I can understand a shower in the master, but if there's a second bathroom there should be a tub in it. Two bathrooms and no tub? Stupid. Especially for a family that has little kids. Or a dog!

Easier to sling the hash over the counter than walk it over to the table, I guess. But it also speaks to this universal need to have "open concept" so you can cook and interact with your guests at the same time. So they can be sitting there on the bar stools at the counter drinking wine while you are fixing the meal. I guess that's a thing? God knows people keep talking about it on House Hunters. 

1.3 million for a 3-bed 2-bath house. Unbelievable.

We too have kitchen seating that we use far more often than our other dining options, and it was well worth the trade off of other storage for us. YMMV, of course. In California, $1.3 for a 3 bedroom, 2 bath house isn't all that out of the ordinary, particularly in a beach community. Our next door neighbors just purchased the "updated" house for $1.5 (bid up from the list of $1.3) and it is a 4/3 if I remember correctly (we are not at the beach).  Eliminating the tub in the master bedroom is super popular here, as well. We are remodeling our house (permits issue this week!) and are not having a bathtub in the master bathroom (though we will be keeping one elsewhere in the house).  We use the tub so infrequently that the expense as well as the limited space in a bathtub compared to the enormous shower we can have in virtually the same footprint was what sold us. Our shower will be about 8'x5' or so if I recall the plans correctly.  Here the trend in eliminating the bathtub from the house altogether is driven by making homes accessible for older buyers rather than younger (or making a house suitable for a family to stay in as parents become empty-nesters and then age).

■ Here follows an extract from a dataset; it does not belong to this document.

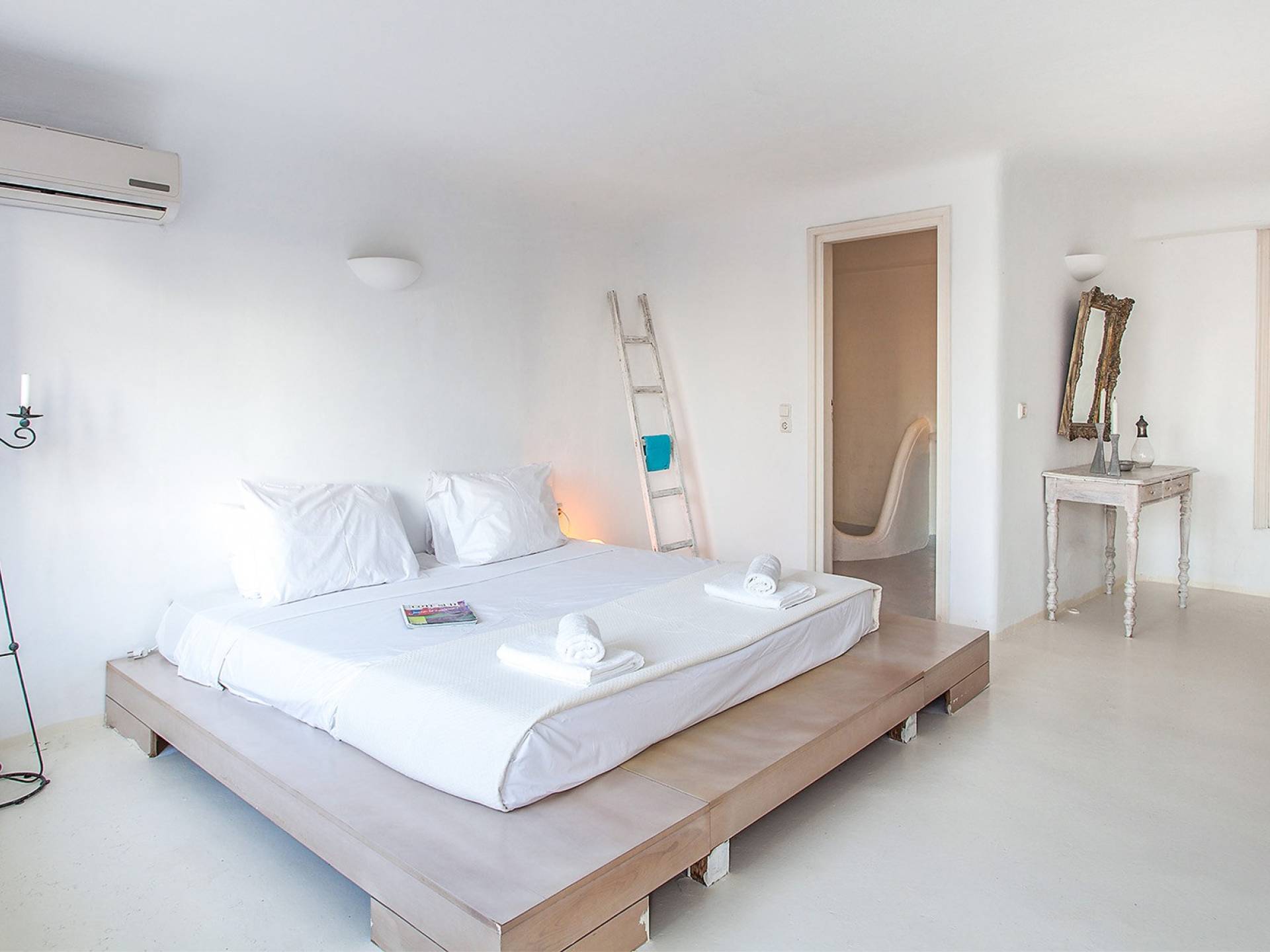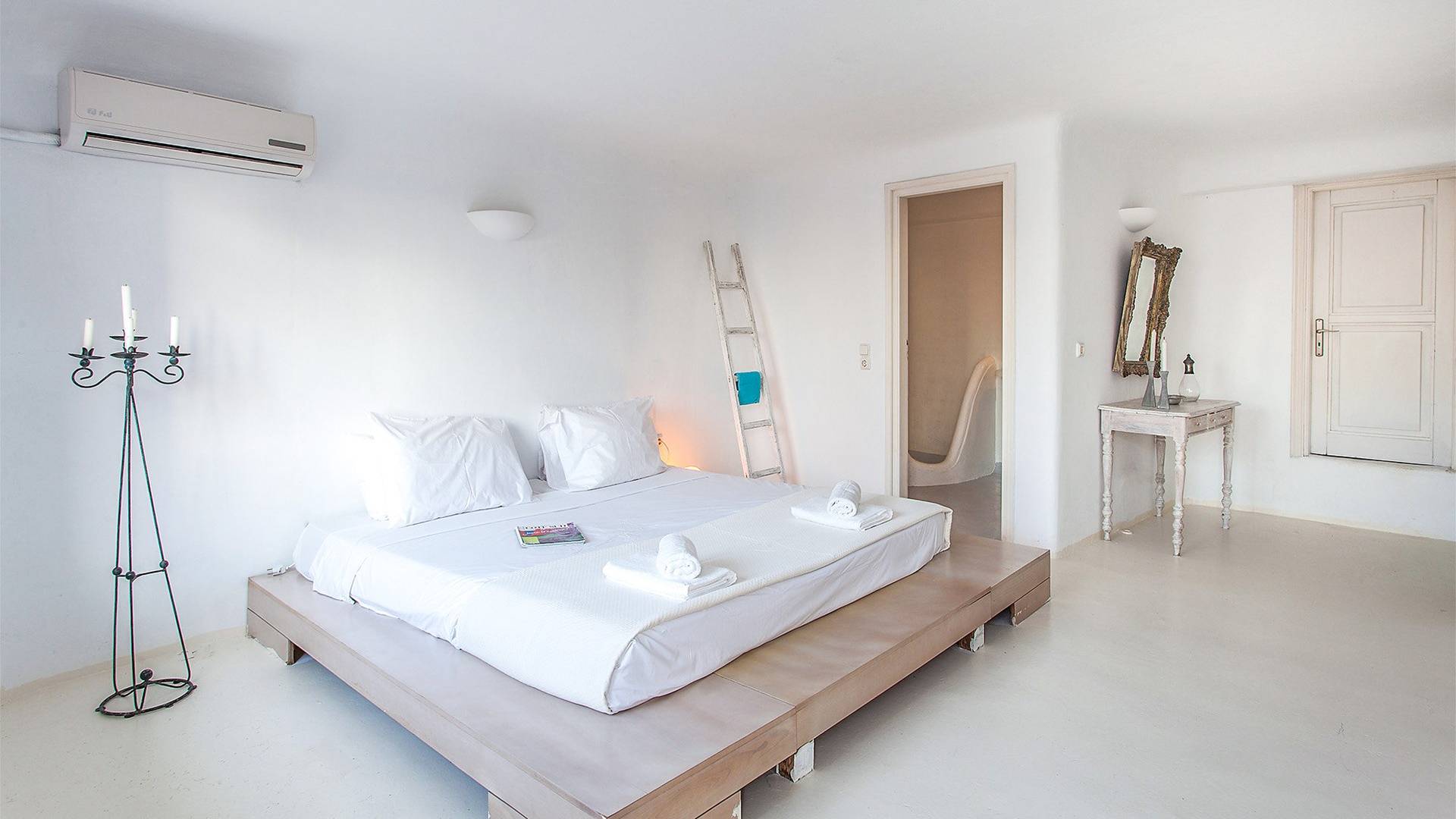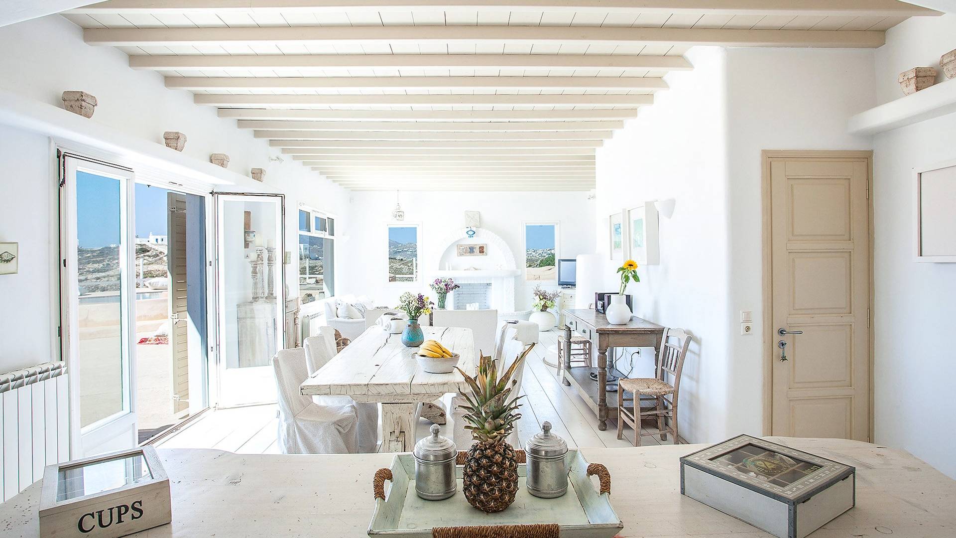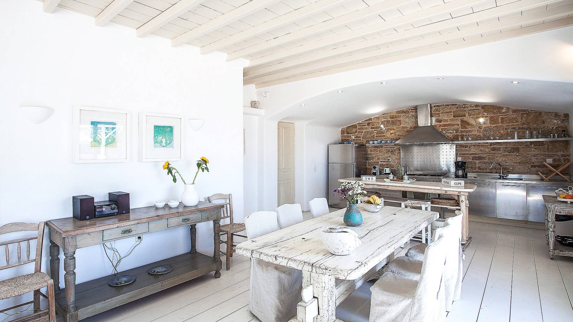 Villa Galena Mykonos is beautiful, modern, and striking, yet also adopting the marvelous, traditional chalk-white curvy and honey-colored stone Myconian features seen all over Mykonos. A beautifully ambient seaside theme floats through the villa, and the fabulous first-class furniture and accessories make your heart sing. Neutral tones are offset by brief vivid bursts of color or texture.

My understanding is that the enormous showers accommodate a kid-bath insert (like a plastic temporary tub you pop in and out each time as you need it and just fill up using the sprayer).  Popping in a plastic kid tub keeps the shower lip low rather than making you step way up and over a tub side, which is difficult for an elderly person.  It is easier to use a plastic tub for the kids for the few years they need a tub than it is to work out a solution for an elderly homeowner who may be unable to step up and over a tub side for 15+ years of home ownership.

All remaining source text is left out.